◆ **EXERCISE DIRECTIONS**: When you reach the line that contains "with duppata stitched", begin copying exactly, and continue through the last line of the data; no pictures belong in the copy.

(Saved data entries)
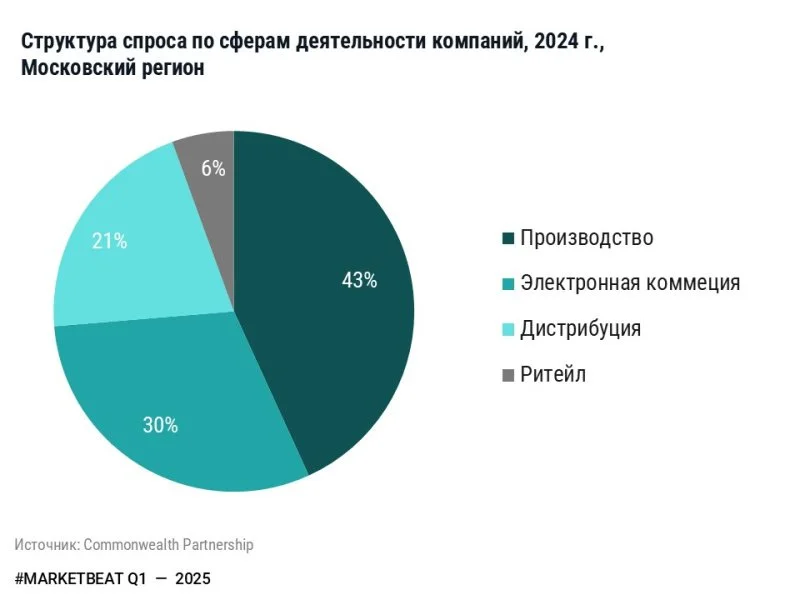 Новое строительство Light Industrial по итогам I квартала 2025 года снизилось на 53% относительно показателя за I кв. 2024 года.Такие данные содержаться в аналитическом отчете Commonwealth Partnership (CMWP). «Новое строительство объектов формата Light Industrial (LI) по итогам I квартала 2025 года составило 79 тыс. кв. метров, что на 53% ниже показателя за аналогичный период 2024 года. Доля сегмента в общем объеме нового строительства в Московском регионе в I квартале 2025 года составила 32%, что на 3 п. п. ниже значения за I квартал 2024 года», — указали в CMWP, уточнив, что по итогам первого квартала ставка аренды сохранилась на уровне прошлого года. – 14 170 рублей за кв. за метр в год, превысив значение за I квартал 2024 года на 11%. Структура спроса в I квартале 2025 года в сегменте Light Industrial сравнима с рынком объектов формата Big-Box. Лидерами по наращиванию складских мощностей также стали сферы производства и электронной коммерции. Ставка аренды так же, как в сухих складских объектах, показала минимальный рост с конца 2024 года. Сумма купленных и арендованных площадей в сегменте Light Industrial в Московском регионе составила 54 тыс. кв. метров по итогам I квартала 2025 года. Ключевым интересантом по наращиванию складских площадей этого формата стала сфера производства, которая составила 43% от общего объема спроса. Впервые e-comm занял значительную долю в общем объеме показателя, сместив второго традиционного лидера – сферу дистрибуции. Доля онлайн-торговли достигла 30% за счет одной крупной сделки маркетплейса Wildberries в логистическом комплексе Гранат (16 454 кв. метров).
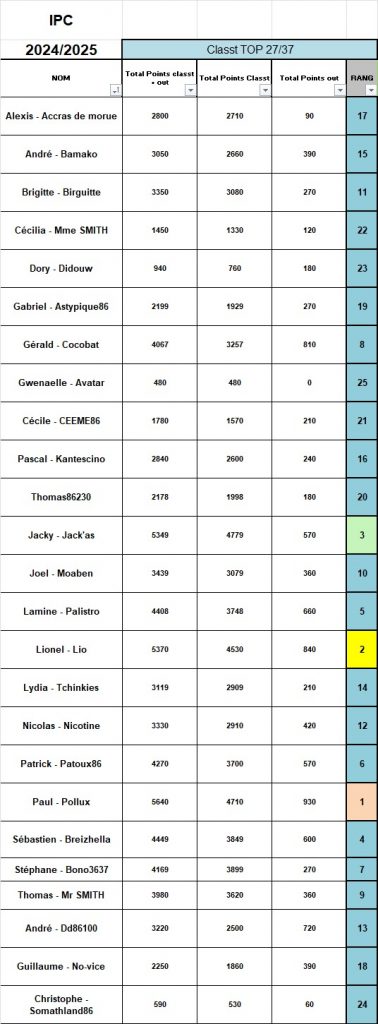 Mais revenons à INGRANDES. CPASDROLE pour une première d’être à la même table qu’ASTYPIQUE, BONO, NICO, KANTESCINO, sans oublier MOABEN (notre champion en titre), NO-VICE, et SOMATLAND. On a connu des tables plus tranquilles. La 2 par exemple, à priori, avec BRIDGET, BREIZHSTORM, CEEME, MR SMITH, rajoutez PALISTRO et POLLUX pour secouer tout ça et vous êtes bons.
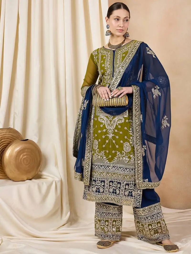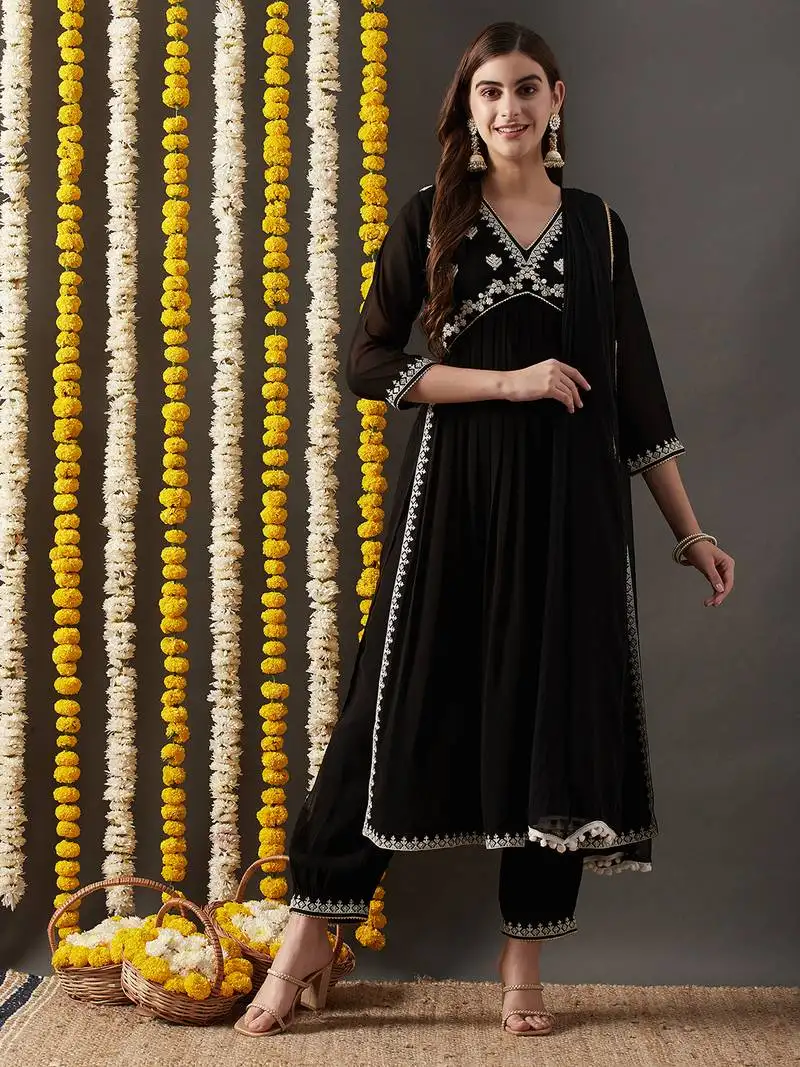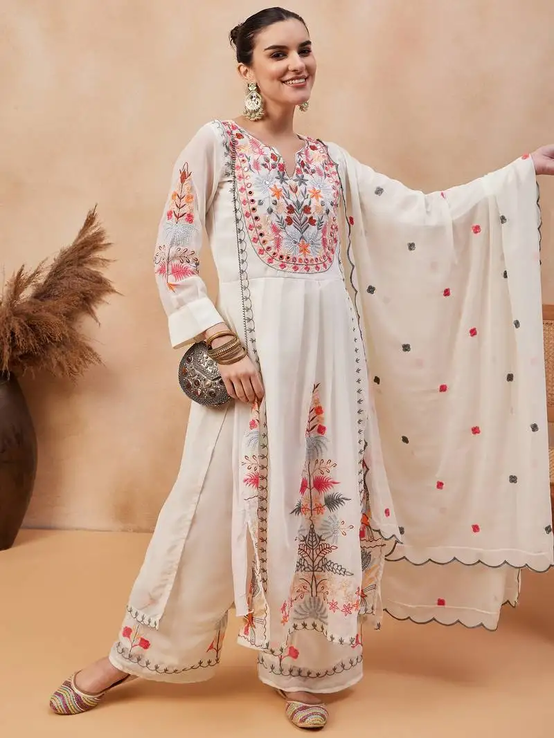 • Rajgranth women's faux georgette fabric embroidered kurta set with duppata stitched
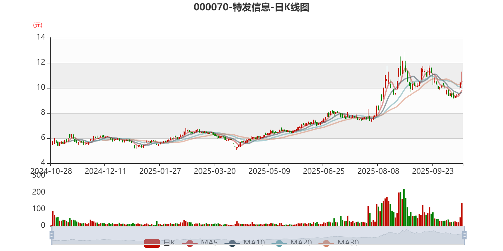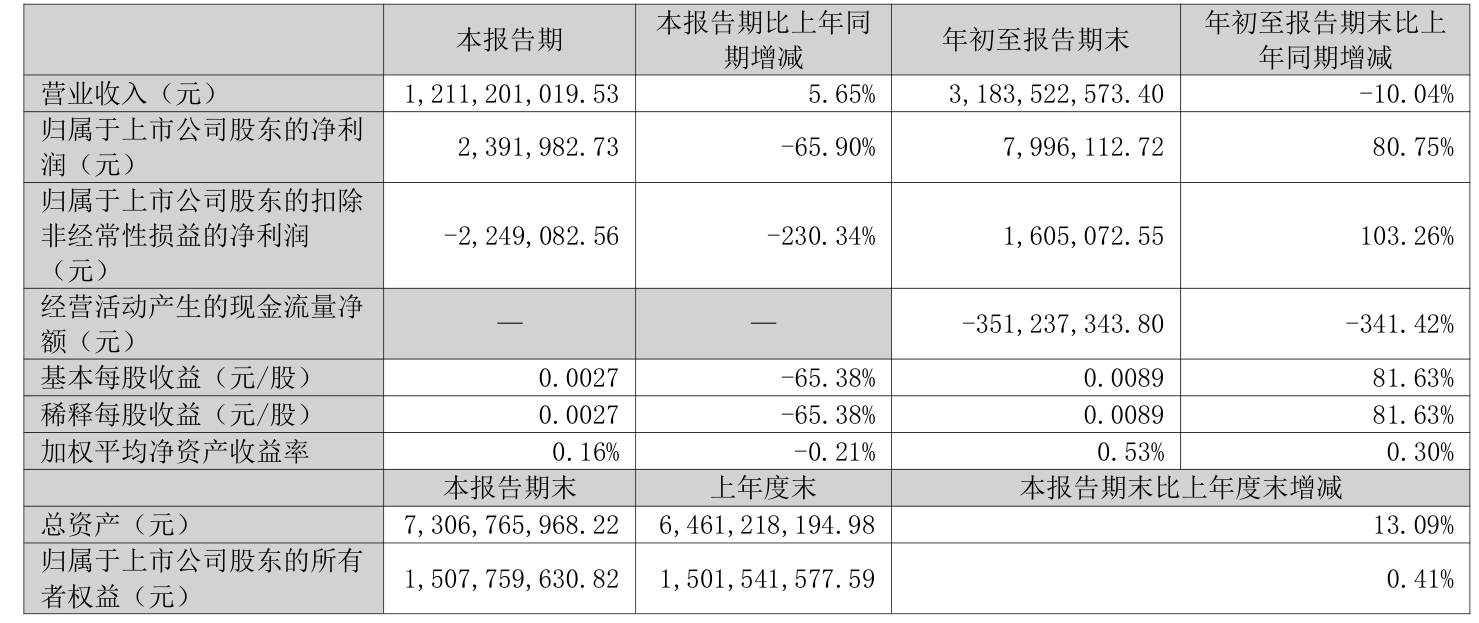 中证智能财讯特发信息(000070)10月27日披露2025年第三季度报告。前三季度公司实现营业总收入31.84亿元,同比下降10.04%;归母净利润799.61万元,同比增长80.75%;扣非净利润160.51万元,同比扭亏;经营活动产生的现金流量净额为-3.51亿元,上年同期为1.45亿元;报告期内,特发信息基本每股收益为0.0089元,加权平均净资产收益率为0.53%。
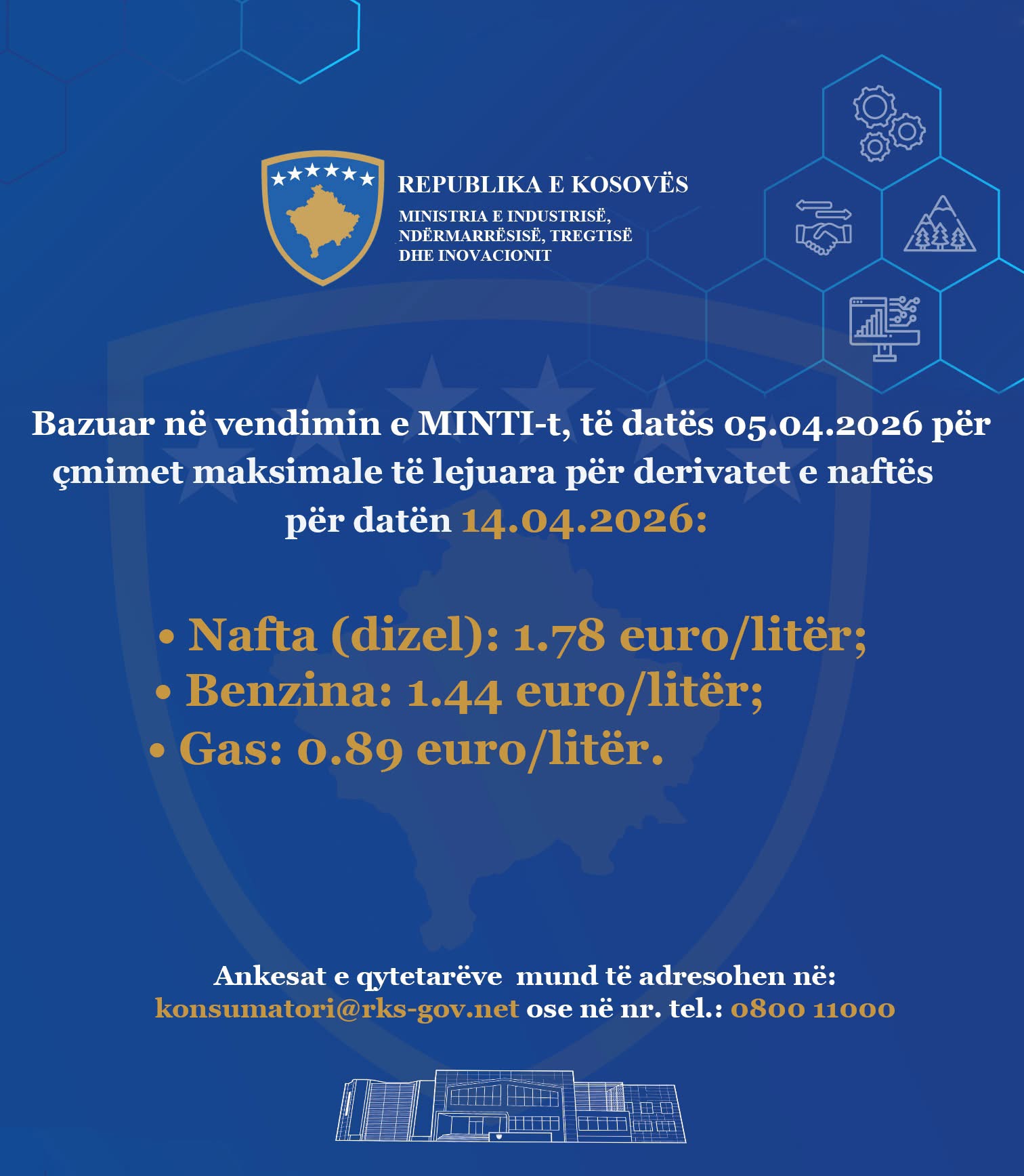 Sipas njoftimit të Ministrisë së Industrisë, Ndërmarrësisë, Tregtisë dhe Inovacionit, nga e marta (14 prill), një litër naftë mund të shitet deri në 1.78 euro, nga 1.84 euro sa ishte një ditë më parë.

◆ **SOLUTION TO THE EXERCISE**:
 • Rajgranth women's faux georgette fabric embroidered kurta set with duppata stitched
 中证智能财讯特发信息(000070)10月27日披露2025年第三季度报告。前三季度公司实现营业总收入31.84亿元,同比下降10.04%;归母净利润799.61万元,同比增长80.75%;扣非净利润160.51万元,同比扭亏;经营活动产生的现金流量净额为-3.51亿元,上年同期为1.45亿元;报告期内,特发信息基本每股收益为0.0089元,加权平均净资产收益率为0.53%。
 Sipas njoftimit të Ministrisë së Industrisë, Ndërmarrësisë, Tregtisë dhe Inovacionit, nga e marta (14 prill), një litër naftë mund të shitet deri në 1.78 euro, nga 1.84 euro sa ishte një ditë më parë.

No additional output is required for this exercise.